■ Task description: Start at the first line of the material. Repeat each line exactly through the one containing "В Курской области", then stop.

....

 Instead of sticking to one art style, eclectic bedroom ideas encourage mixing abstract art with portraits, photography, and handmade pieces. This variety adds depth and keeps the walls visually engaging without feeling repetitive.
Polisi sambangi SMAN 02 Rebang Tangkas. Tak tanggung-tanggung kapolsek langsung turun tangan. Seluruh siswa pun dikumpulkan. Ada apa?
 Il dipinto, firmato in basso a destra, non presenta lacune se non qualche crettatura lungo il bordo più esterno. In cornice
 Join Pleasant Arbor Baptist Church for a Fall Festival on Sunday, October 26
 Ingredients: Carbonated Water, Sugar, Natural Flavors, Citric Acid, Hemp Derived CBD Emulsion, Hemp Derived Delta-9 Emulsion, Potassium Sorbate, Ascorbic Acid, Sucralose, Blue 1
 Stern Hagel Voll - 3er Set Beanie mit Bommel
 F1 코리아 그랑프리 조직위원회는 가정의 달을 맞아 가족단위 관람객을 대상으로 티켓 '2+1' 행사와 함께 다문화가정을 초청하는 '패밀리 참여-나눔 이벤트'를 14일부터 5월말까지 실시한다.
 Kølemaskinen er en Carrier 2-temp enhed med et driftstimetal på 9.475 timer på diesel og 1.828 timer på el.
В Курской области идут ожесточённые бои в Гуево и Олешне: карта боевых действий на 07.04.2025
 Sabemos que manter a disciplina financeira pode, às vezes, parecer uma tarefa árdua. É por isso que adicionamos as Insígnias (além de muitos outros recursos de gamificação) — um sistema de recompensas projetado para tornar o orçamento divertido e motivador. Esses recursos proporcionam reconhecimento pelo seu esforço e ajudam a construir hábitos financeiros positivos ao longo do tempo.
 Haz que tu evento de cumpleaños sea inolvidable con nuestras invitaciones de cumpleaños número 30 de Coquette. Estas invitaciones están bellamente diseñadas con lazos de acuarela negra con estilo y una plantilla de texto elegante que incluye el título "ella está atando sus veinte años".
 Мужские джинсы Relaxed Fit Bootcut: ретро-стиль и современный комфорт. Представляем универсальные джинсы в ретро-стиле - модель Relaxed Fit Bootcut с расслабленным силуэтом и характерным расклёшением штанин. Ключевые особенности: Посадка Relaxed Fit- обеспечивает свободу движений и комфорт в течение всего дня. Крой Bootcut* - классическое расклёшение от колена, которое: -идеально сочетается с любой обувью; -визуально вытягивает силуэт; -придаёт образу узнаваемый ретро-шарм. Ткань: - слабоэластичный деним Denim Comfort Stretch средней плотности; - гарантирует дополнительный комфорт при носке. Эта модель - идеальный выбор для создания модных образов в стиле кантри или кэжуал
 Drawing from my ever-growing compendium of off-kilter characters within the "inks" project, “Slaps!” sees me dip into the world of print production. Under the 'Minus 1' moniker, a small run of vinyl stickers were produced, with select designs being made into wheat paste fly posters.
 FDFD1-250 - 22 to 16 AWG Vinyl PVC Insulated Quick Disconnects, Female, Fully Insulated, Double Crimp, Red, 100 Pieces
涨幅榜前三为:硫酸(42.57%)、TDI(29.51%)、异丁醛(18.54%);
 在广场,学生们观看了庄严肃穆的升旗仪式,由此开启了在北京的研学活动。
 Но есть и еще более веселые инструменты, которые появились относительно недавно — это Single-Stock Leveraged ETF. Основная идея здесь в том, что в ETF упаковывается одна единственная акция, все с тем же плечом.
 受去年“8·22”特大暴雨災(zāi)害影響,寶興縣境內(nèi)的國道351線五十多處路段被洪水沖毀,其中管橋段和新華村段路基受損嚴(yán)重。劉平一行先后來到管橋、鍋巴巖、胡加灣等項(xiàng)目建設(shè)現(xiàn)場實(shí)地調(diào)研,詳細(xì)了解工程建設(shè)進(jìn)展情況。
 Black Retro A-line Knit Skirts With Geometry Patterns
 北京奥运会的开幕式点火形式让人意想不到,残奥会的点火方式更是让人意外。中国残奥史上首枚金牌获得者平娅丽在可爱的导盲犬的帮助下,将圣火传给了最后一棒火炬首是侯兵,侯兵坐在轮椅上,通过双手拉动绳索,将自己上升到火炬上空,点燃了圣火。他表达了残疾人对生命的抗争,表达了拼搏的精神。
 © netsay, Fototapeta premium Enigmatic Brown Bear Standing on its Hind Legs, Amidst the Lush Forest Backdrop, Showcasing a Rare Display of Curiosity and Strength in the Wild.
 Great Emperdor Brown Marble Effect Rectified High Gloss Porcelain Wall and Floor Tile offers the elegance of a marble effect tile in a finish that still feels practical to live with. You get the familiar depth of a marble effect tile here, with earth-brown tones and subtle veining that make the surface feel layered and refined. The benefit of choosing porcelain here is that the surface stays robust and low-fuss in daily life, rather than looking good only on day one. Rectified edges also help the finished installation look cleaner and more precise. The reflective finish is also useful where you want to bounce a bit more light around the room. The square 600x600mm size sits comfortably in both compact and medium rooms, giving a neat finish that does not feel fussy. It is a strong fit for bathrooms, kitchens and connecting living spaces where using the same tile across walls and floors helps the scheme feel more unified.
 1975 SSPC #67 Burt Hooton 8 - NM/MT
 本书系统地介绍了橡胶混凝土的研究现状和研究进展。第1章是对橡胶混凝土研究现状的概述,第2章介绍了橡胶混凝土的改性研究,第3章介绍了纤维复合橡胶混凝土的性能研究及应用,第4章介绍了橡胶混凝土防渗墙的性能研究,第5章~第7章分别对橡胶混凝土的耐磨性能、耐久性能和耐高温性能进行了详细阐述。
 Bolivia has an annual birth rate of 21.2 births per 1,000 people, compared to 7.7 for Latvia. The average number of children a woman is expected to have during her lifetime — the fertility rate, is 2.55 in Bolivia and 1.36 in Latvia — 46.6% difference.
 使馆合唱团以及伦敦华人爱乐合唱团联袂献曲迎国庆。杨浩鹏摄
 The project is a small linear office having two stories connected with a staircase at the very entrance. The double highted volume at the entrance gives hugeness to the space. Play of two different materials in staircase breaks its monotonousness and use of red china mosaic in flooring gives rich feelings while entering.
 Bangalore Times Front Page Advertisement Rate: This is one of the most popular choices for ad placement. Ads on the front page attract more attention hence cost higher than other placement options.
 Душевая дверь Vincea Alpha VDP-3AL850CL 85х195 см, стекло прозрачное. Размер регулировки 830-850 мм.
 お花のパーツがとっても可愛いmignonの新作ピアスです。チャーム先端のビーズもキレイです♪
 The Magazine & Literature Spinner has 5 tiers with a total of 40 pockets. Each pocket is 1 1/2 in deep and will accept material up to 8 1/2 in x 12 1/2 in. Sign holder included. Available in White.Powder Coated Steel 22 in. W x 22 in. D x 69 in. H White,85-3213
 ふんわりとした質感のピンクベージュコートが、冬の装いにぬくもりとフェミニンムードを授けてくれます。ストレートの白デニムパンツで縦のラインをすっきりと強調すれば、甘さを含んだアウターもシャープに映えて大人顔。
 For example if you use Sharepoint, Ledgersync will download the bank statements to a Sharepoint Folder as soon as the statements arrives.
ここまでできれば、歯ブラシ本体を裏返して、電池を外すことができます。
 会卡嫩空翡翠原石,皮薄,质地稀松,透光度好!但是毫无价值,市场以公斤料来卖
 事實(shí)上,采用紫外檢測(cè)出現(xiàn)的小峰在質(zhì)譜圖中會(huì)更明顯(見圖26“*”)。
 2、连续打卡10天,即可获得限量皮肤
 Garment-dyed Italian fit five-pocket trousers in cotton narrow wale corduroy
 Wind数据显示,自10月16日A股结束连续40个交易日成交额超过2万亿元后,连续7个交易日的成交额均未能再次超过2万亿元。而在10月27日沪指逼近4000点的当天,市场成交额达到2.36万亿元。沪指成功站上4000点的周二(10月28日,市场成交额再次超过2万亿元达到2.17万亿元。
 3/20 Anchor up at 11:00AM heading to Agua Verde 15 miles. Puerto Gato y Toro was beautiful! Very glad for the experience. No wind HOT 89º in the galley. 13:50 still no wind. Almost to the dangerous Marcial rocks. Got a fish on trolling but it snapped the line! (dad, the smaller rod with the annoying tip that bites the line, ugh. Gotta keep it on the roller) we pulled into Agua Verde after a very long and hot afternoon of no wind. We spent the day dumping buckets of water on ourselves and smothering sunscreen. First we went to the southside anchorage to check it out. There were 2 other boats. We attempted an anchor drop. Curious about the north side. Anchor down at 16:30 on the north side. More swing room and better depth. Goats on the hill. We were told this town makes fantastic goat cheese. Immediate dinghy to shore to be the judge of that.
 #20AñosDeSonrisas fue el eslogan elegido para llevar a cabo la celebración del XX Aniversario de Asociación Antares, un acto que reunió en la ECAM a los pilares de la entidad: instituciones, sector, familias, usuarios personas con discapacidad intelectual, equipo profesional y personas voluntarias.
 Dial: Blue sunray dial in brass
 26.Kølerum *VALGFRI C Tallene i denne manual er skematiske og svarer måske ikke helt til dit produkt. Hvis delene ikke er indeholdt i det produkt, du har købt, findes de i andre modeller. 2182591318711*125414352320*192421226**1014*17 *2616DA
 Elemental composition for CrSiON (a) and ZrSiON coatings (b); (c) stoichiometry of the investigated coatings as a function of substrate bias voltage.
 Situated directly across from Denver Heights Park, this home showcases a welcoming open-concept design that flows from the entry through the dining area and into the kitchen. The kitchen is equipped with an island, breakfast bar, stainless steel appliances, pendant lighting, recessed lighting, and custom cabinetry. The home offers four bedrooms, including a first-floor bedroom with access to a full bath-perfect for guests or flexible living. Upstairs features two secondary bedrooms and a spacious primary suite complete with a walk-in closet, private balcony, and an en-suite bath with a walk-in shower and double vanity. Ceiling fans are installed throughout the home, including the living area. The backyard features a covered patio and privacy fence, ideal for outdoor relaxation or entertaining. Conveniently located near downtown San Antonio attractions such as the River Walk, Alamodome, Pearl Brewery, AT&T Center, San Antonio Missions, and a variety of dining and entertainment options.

....

■ Result for this task:
 Instead of sticking to one art style, eclectic bedroom ideas encourage mixing abstract art with portraits, photography, and handmade pieces. This variety adds depth and keeps the walls visually engaging without feeling repetitive.
Polisi sambangi SMAN 02 Rebang Tangkas. Tak tanggung-tanggung kapolsek langsung turun tangan. Seluruh siswa pun dikumpulkan. Ada apa?
 Il dipinto, firmato in basso a destra, non presenta lacune se non qualche crettatura lungo il bordo più esterno. In cornice
 Join Pleasant Arbor Baptist Church for a Fall Festival on Sunday, October 26
 Ingredients: Carbonated Water, Sugar, Natural Flavors, Citric Acid, Hemp Derived CBD Emulsion, Hemp Derived Delta-9 Emulsion, Potassium Sorbate, Ascorbic Acid, Sucralose, Blue 1
 Stern Hagel Voll - 3er Set Beanie mit Bommel
 F1 코리아 그랑프리 조직위원회는 가정의 달을 맞아 가족단위 관람객을 대상으로 티켓 '2+1' 행사와 함께 다문화가정을 초청하는 '패밀리 참여-나눔 이벤트'를 14일부터 5월말까지 실시한다.
 Kølemaskinen er en Carrier 2-temp enhed med et driftstimetal på 9.475 timer på diesel og 1.828 timer på el.
В Курской области идут ожесточённые бои в Гуево и Олешне: карта боевых действий на 07.04.2025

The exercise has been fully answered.